**WHAT THE TASK REQUIRES:** Under this line are records; the part from the line containing "Prvé vlastné príborové" through the line containing "[行 程](→ 高知リッチモンドホテル→)中島バス停" should be repeated exactly. Please exclude pictures.

**DATA FOR THIS EXERCISE:**
▬▬▬▬▬▬▬▬▬▬

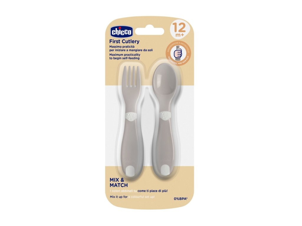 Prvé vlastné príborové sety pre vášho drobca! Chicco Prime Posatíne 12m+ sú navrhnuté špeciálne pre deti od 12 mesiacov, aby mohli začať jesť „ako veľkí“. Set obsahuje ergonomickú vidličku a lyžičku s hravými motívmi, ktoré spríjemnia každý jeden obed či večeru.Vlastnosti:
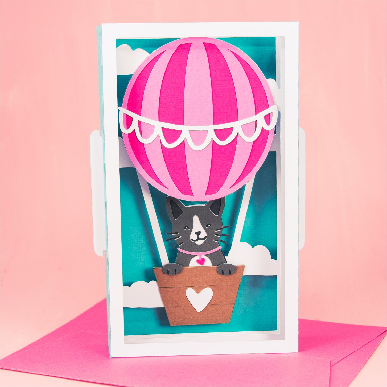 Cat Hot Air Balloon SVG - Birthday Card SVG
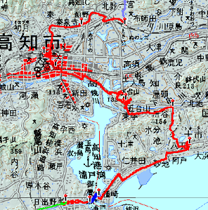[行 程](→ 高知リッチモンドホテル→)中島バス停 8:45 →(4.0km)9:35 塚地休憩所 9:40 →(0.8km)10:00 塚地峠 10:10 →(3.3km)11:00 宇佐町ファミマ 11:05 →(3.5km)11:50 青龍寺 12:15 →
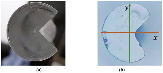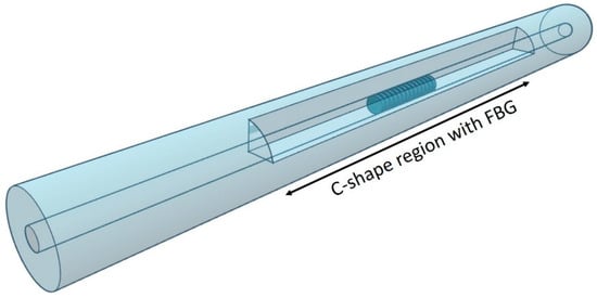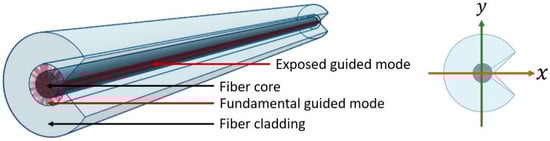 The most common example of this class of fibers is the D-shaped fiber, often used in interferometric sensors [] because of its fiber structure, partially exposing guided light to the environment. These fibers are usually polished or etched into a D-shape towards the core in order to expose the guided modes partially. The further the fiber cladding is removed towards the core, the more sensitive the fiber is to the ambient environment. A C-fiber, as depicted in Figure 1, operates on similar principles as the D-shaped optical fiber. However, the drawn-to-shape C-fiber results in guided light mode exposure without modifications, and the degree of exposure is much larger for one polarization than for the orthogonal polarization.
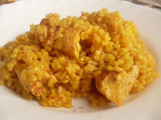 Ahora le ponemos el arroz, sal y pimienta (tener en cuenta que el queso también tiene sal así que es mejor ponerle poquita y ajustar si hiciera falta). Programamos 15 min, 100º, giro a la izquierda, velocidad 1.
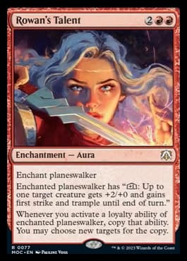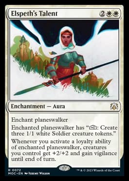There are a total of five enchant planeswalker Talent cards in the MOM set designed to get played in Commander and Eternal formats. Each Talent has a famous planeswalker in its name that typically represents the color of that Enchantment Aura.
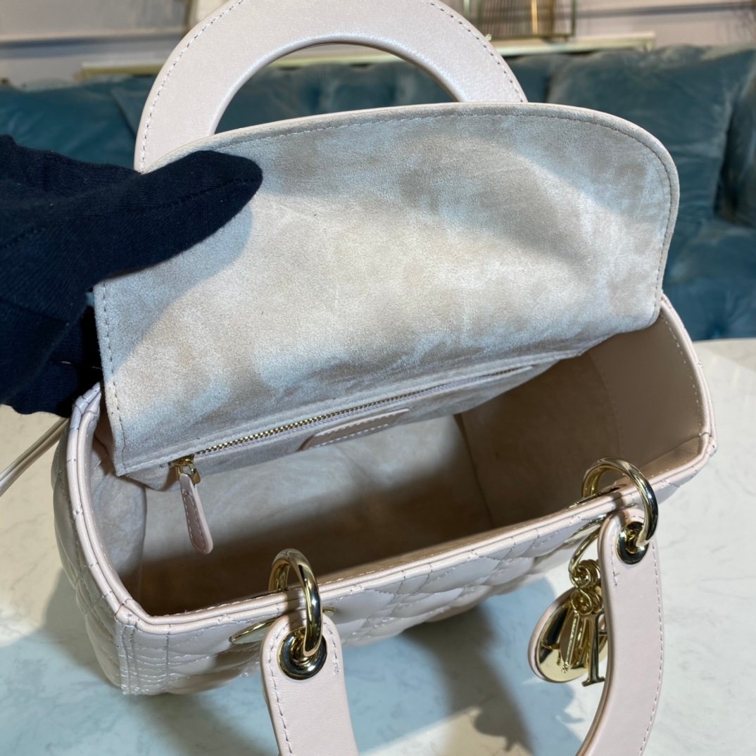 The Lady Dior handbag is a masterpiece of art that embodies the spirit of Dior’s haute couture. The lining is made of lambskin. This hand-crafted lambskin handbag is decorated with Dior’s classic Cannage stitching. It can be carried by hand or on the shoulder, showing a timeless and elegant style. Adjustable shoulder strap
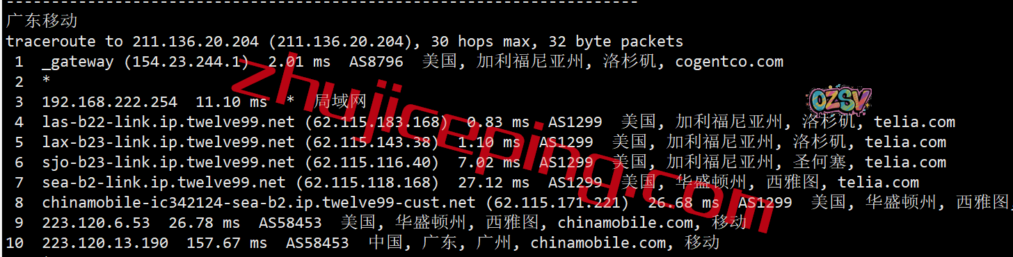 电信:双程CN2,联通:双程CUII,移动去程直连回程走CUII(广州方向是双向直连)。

▬▬▬▬▬▬▬▬▬▬

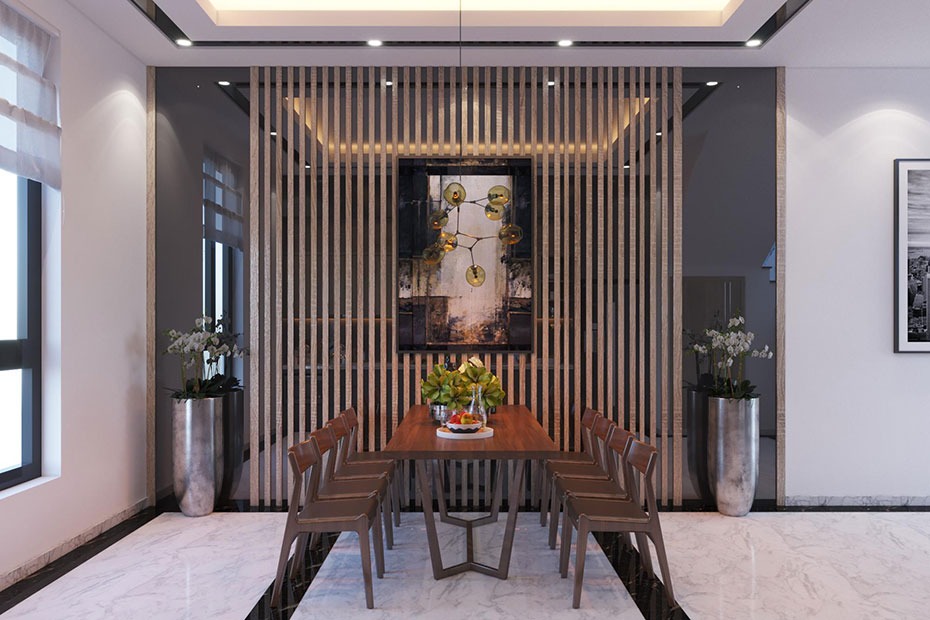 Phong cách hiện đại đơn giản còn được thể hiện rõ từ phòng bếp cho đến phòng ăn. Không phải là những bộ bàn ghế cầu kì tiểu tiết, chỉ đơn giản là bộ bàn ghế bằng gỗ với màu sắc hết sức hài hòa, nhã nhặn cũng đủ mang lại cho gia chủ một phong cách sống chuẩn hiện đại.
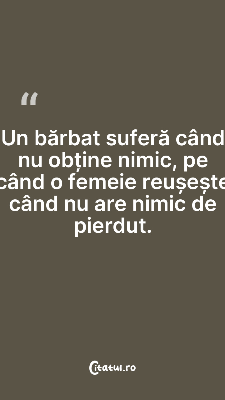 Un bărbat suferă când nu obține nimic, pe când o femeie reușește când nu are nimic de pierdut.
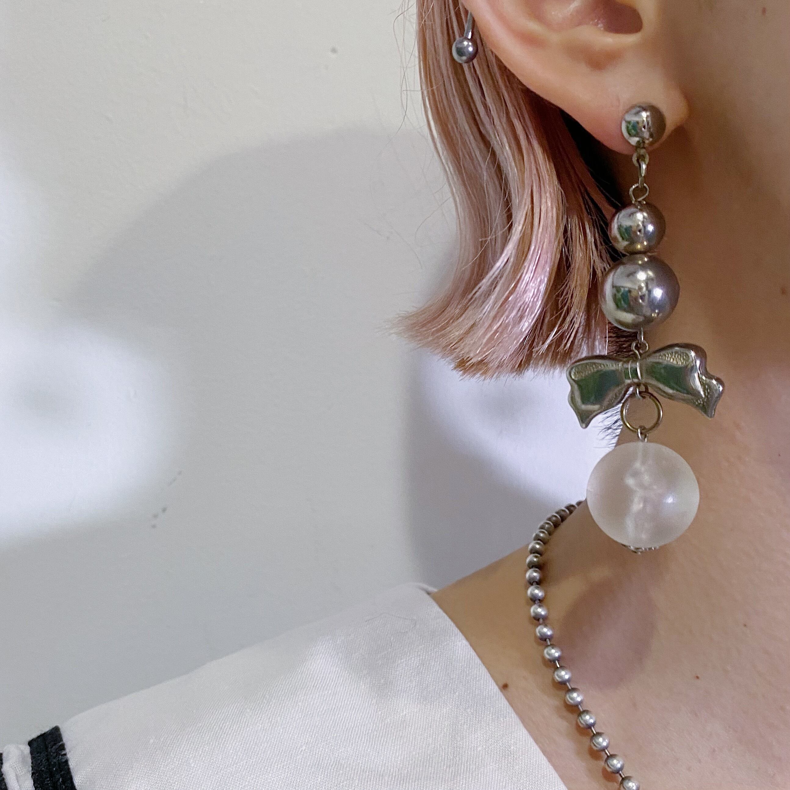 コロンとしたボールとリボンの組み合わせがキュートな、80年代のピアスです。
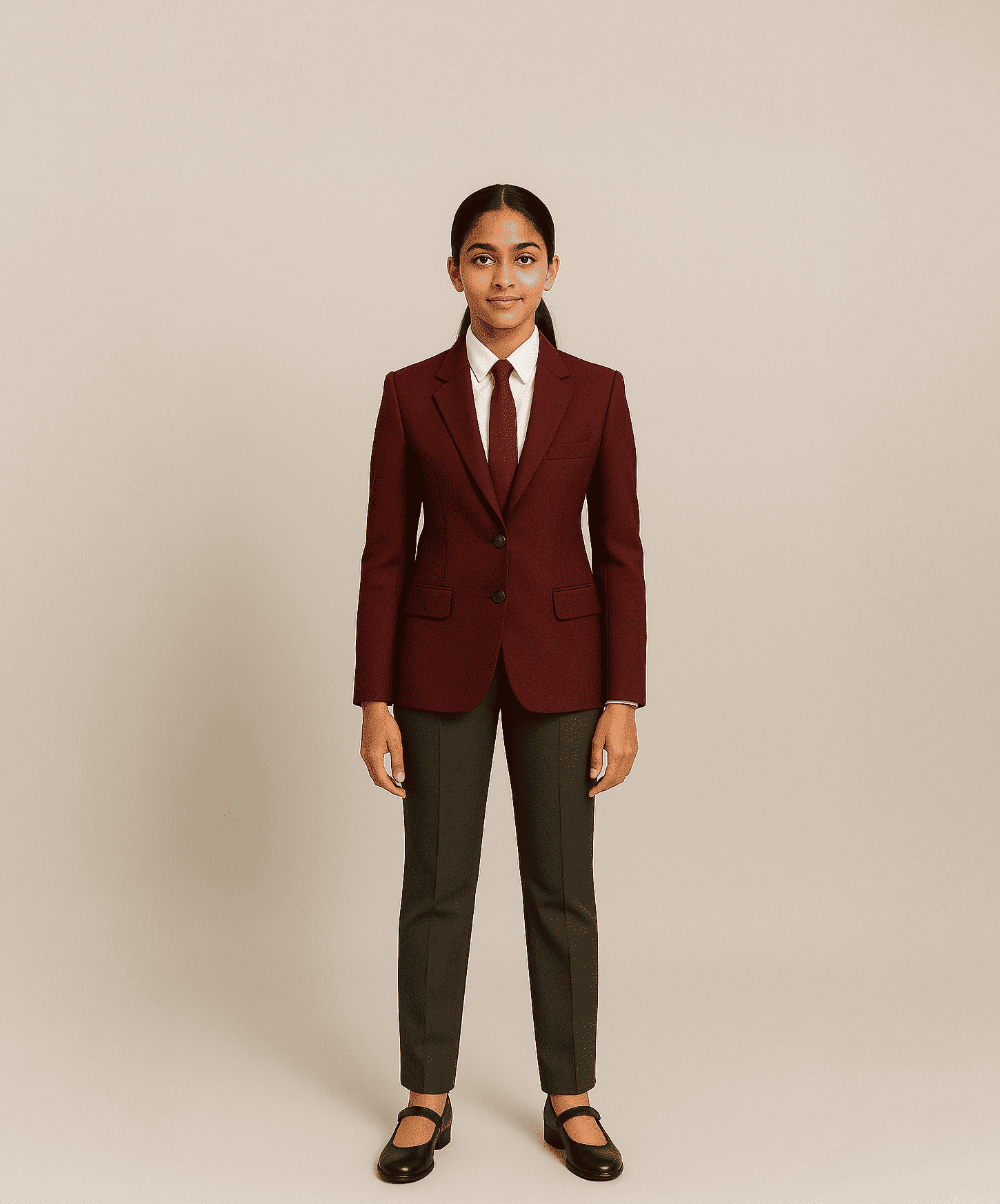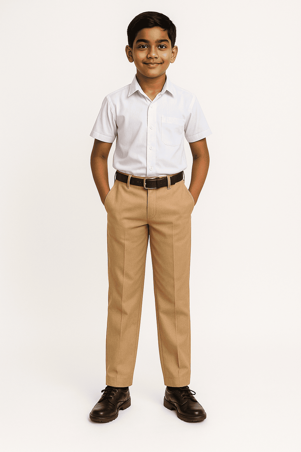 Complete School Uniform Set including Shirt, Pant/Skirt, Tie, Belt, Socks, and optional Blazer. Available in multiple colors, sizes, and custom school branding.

▬▬▬▬▬▬▬▬▬▬

**RESULT FOR THIS TASK:**
 Prvé vlastné príborové sety pre vášho drobca! Chicco Prime Posatíne 12m+ sú navrhnuté špeciálne pre deti od 12 mesiacov, aby mohli začať jesť „ako veľkí“. Set obsahuje ergonomickú vidličku a lyžičku s hravými motívmi, ktoré spríjemnia každý jeden obed či večeru.Vlastnosti:
 Cat Hot Air Balloon SVG - Birthday Card SVG
[行 程](→ 高知リッチモンドホテル→)中島バス停 8:45 →(4.0km)9:35 塚地休憩所 9:40 →(0.8km)10:00 塚地峠 10:10 →(3.3km)11:00 宇佐町ファミマ 11:05 →(3.5km)11:50 青龍寺 12:15 →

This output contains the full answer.